Wouldn't a woodstove solve that problem? I have no heat in my studio either. I lkeave an electric oil filled radiator on 24-7. It works OK but costs a fortune.
................Stape
Your studio looks fabulous. I'm still painting part-time at the kitchen table after everyone leaves for school and work in the mornings and taking down before they get home in the afternoons. I'm looking forward to our new house being finished so I'll have my own space to paint.
And I'm shivering here in San Antonio because it got down to 29 last night. I'm such a wimp.
I'm with Stape. I love my woodstoves! Nothing like good old fashion wood heat. It will toast you to the core! Heck, you might even have to open a window if you let it get out of control.
Sorry you're missing your chicken home. It is a wonderful place and I can easily see why you would miss going to work there. There's something about being surrounded by all your art stuff that's inspiring. You can always take over the dining room. Cover the table with plastic and bring in your art supplies. It can become your new winter studio...
Are you still on your computer? Isn't it time to get dressed and go to work???
Glen--Do you mean the one he did with his pink bunny slippers on?

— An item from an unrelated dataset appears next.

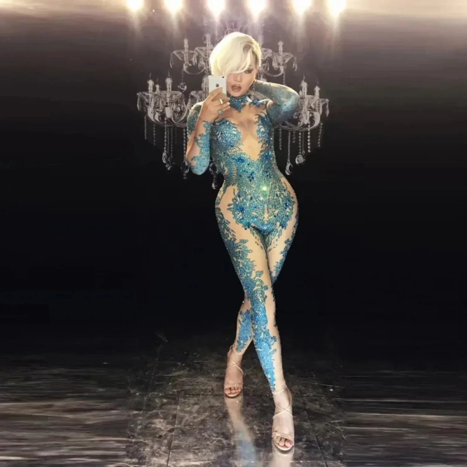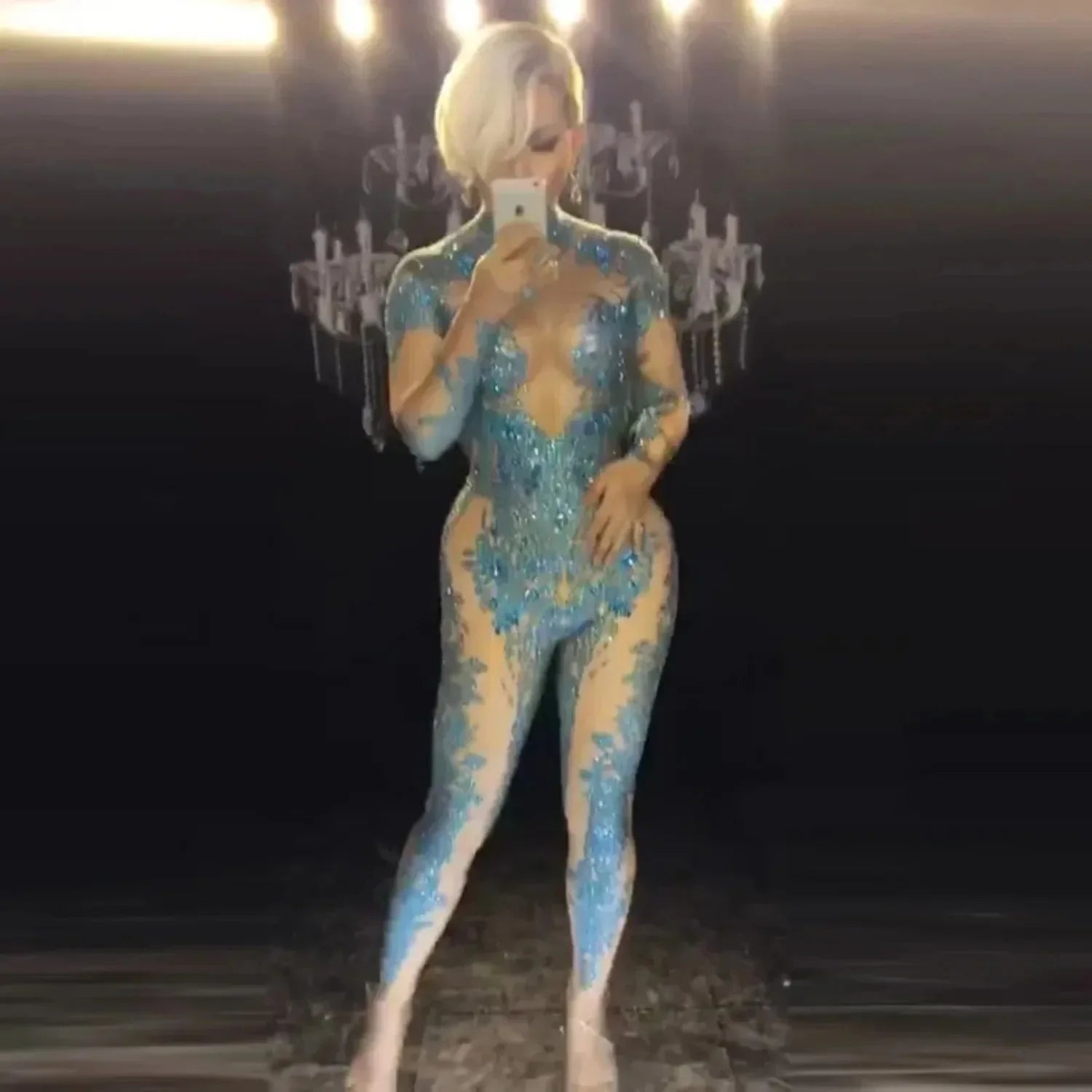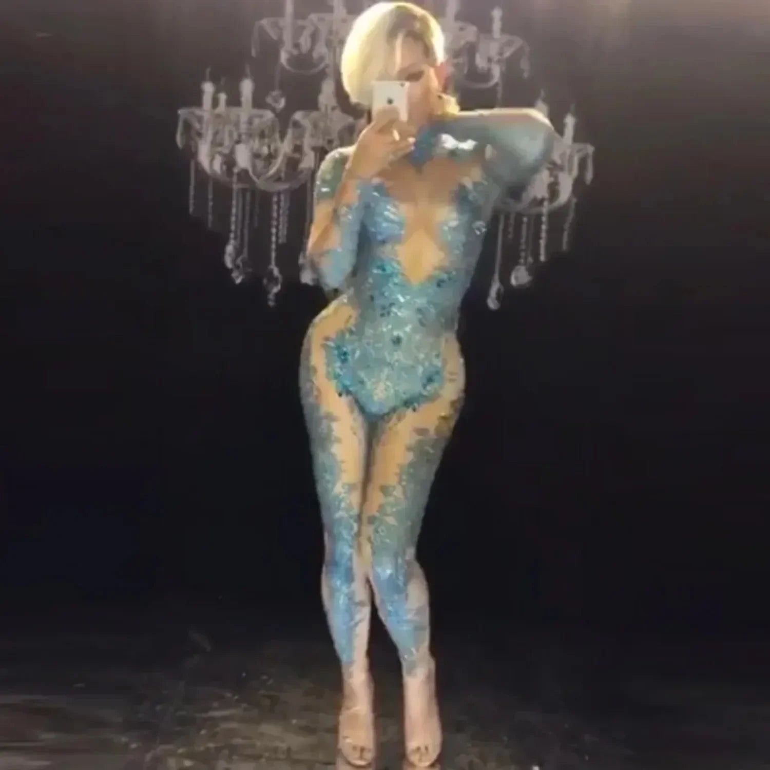 Turn heads with our AB Rhinestones Sparkly Jumpsuit! This sexy nude one-piece bodysuit is designed for ultimate style and comfort, featuring big stretch fabric that moves with you. Perfect for dance performances, birthday celebrations, and parties, this sparkling jumpsuit adds a touch of glamour to any occasion. Elevate your outfit game with this eye-catching dance costume that flatters every figure!

Stape-- I have long wished for a wood stove in there. I also thought of a moniter heater that I could run at a real low temp overnight. We use the oil-radiator for our unheated bedroom upstairs.
Virginia-- I've had my "studio" in the dining room too. Whatever it takes, right? By the way, we won't warm up to the twenties for a few days. That's why two million people live in SA, and only one million live in all of Maine!
Susan-- I've taken over the living room, so I can look out the back window.
Actually Kev, I looked for the painting I have in my mind's eye but couldn't find it, so I might be wrong. I thought he did a self portrait where he was in his bathrobe and smoking his pipe. But if he did I can't find it. As for your heating problems... Why would anyone buy (or build for that matter) a home in Maine that didn't have heat in all rooms????